Sandboxed by mode (passive/active/singularity). edit_file supports context_before/context_after disambiguation.

Code & Git

search_code run_tests git_diff git_commit

Regex code search, pytest execution with structured results, git operations.

Communication

respond speak send_message call_user

Console output, TTS, SMS/voice via Twilio gateway.

Introspection Tools

These are read-only tools that let the LLM query its own biological subsystems. They give the agent self-awareness — the ability to ask "what do I remember?", "what will happen if I do this?", "have I been hurt by this before?", and "how much energy have I used?"

Design Principles

  • Read-only. No introspection tool modifies agent state.
  • Bounded output. All tools accept a limit parameter to control context cost.
  • Graceful degradation. In headless mode, vision tools return {"available": false} instead of crashing.
  • Formatted for LLM. Returns structured dicts the LLM can reason about, not raw data dumps.

Memory: Episodic Recall & Similarity

The hippocampus stores every agentic loop as an episodic memory (perceive → decide → act → evaluate). The entorhinal cortex (EC) indexes them for multi-modal similarity search. These tools let the LLM explore both.

memory_recall

Search episodic memories. Filter by goal, tool, success/failure, detected objects, people, mode, or time range. Use expand=true to find associated memories via spreading activation through ASSOCIATES and CAUSES edges.

Parameters: query, tool_name, success, object, person, mode, time_after, time_before, expand, limit

Biological analog: Hippocampal recall with spreading activation through the associative memory graph. ASSOCIATES edges form during memory capture (perceptual overlap). CAUSES edges form when NAc detects surprising outcomes (RPE > 0.3).

similarity_search

Find situations similar to a past experience using the EC's LSH approximate nearest neighbor. Multi-modal matching: structural hash, temporal bins, semantic embedding, and context match.

Parameters: tool_name, memory_id, context, limit

Biological analog: The entorhinal cortex is the gateway to the hippocampus. It transforms multi-modal input into a common similarity space for fast pattern matching.

Causal: Prediction & Learned Links

The nucleus accumbens (NAc) learns cause-effect relationships via Rescorla-Wagner learning. Every tool execution updates a causal link with a prediction error (RPE). These tools let the LLM consult this learned model before acting.

predict_outcome

Ask the NAc what will happen if you execute a tool. Returns the predicted value (0=bad, 1=good), expected outcome valence, expected delay with confidence interval, and all possible outcomes.

Parameters: tool_name (required), context, include_all_outcomes

Biological analog: Dopaminergic prediction in the mesolimbic pathway.
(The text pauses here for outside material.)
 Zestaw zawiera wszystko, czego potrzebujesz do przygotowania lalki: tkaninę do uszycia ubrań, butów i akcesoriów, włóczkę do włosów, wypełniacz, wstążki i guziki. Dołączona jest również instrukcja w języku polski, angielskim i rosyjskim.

The NAc computes reward prediction error (RPE) — the difference between expected and actual outcomes — to learn which actions lead to which results in which contexts.

causal_links

Inspect the raw cause-effect database. Query by event signature, outcome signature, contributing memory ID, or valence filter. See confidence, observation count, temporal delay distributions, and which memories informed each link.
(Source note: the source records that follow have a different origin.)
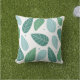 Ein helles und dekoratives Kissen mit blauen und grünen Blätter. In meinem Geschäft gibt es eine große Auswahl an weiteren Kissen und Produkten.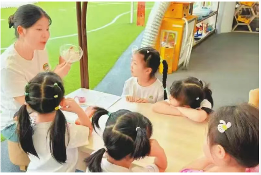 一新建公办幼儿园内,老师正在给孩子上课。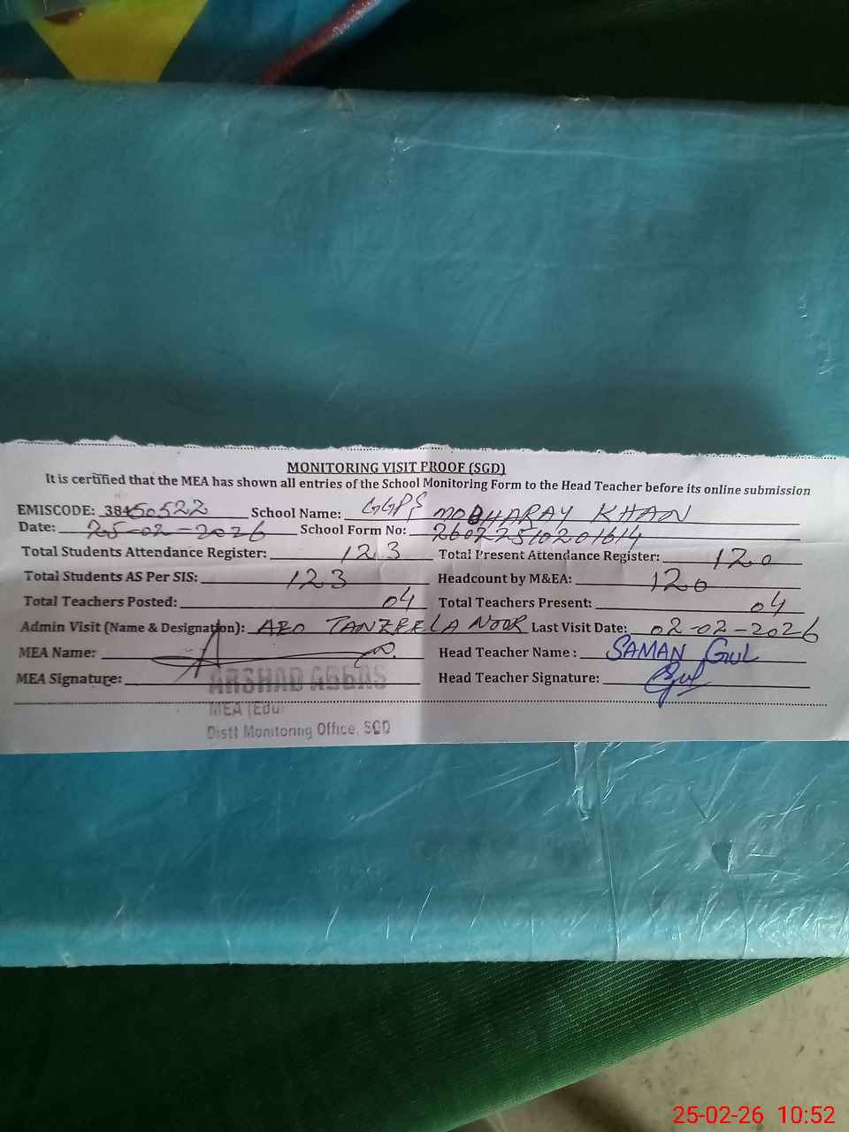 | EMIS Code: 38450522 | Name of School: GGPS MOBHARAY KHAN | |||

Parameters: event, outcome, memory_id, valence, limit

Pain & Fear: Aversive Self-Awareness

The PainDetector converts tool errors and movement failures into escalating pain signals. The FearAgent gates actions before execution. Together they implement an aversive learning system that teaches the agent what to avoid.

pain_history

Check pain signal statistics and optionally test whether the FearAgent would block a specific action. Shows counts by pain type (tool failure, timeout, movement error, direction thrashing).
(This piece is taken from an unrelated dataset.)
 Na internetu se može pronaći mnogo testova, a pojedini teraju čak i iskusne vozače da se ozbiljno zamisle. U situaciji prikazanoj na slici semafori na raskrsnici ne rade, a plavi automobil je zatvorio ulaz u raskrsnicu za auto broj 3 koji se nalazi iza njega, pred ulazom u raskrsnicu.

Parameters: check_action, action_params, limit

Biological analog: Nociception (pain detection) and the amygdala (fear conditioning). Repeated tool failures increase pain intensity, driving NAc learning and FearAgent gating — like how repeated burns teach you to avoid the stove.

Temporal: Circadian Patterns

The SCN (suprachiasmatic nucleus) bins every memory by hour-of-day, day-of-week, week-of-month, and month. This lets the agent discover rhythmic patterns in its own activity.

temporal_patterns

Find memories from specific times of day or days of week. Use discover_rhythms=true to find recurring patterns — for example, that API failures cluster during peak hours.

Parameters: hour (0-23), day (0=Mon, 6=Sun), discover_rhythms, limit

Biological analog: The SCN in the hypothalamus is the body's master clock. It synchronizes circadian rhythms by tracking environmental time cues. Maxim's SCN enables temporal pattern learning across sessions.

Semantic: Concepts & Relationships

The anterior temporal lobe (ATL) stores semantic concepts with typed relationships (IS_A, PART_OF, CAUSES, EXECUTES_WITH). The LLM can query this knowledge base to ground its reasoning.

concept_query

Search concepts by name or category. Explore typed relationships between concepts. Discover which skills are associated with which objects via EXECUTES_WITH edges.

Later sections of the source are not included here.